Many commentators acknowledge that there may be political and economic motivations behind some of the measures being taken against Huawei.  The point that the ‘Five-Eyes’ have been trying to highlight is that possibly, Huawei’s products and network software could have backdoors built-in to them which could, in theory, allow covert surveillance or control, or destruction of phone networks (which are accessible via the internet).  The fear is that those acting for the Chinese state could gain access to the data stored/routed through Huawei devices, telecoms equipment and software, and could even, perhaps, monitor the conversations on mobile phones. No evidence of this has been made public to date.

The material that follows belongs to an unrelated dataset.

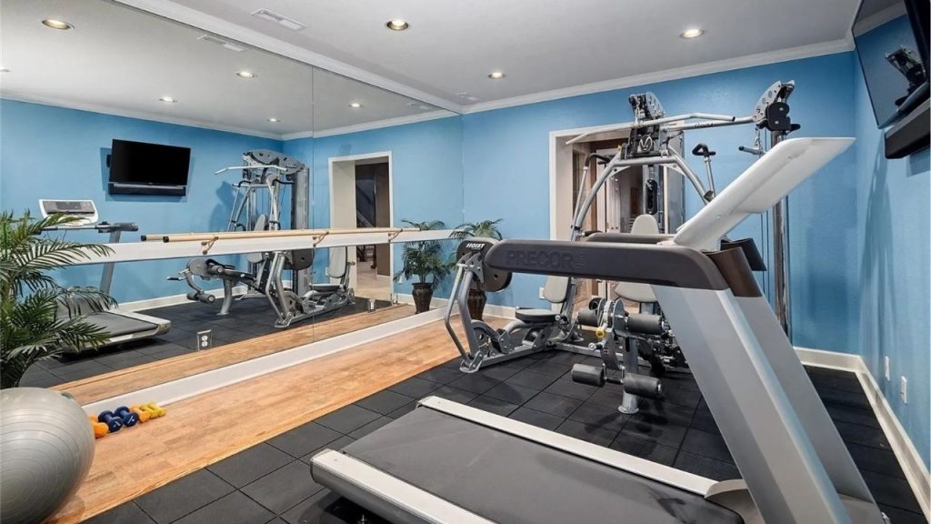 This sleek home gym is both functional and refreshing, with sky-blue walls and mirrored walls that open up the space. Equipped with a treadmill, a weight machine, free weights, and a ballet barre, it offers a versatile workout setup. The black rubber flooring provides grip and durability, while recessed lighting and greenery add a welcoming, upbeat vibe—perfect for a motivating fitness routine right at home.

One thing that is hard to deny, however, is the popularity of Huawei’s consumer products.  The company has now become the world’s biggest producer of telecoms equipment and has overtaken US giant Apple in terms of the number of handsets that it ships worldwide.  UK stores are still stocking and selling its handsets, and the warnings of various governments look unlikely, for the time being, to make any major dent in that side of its business, although more outright bans from more countries (for a company that ships nearly half of its products overseas) could soon begin to hurt.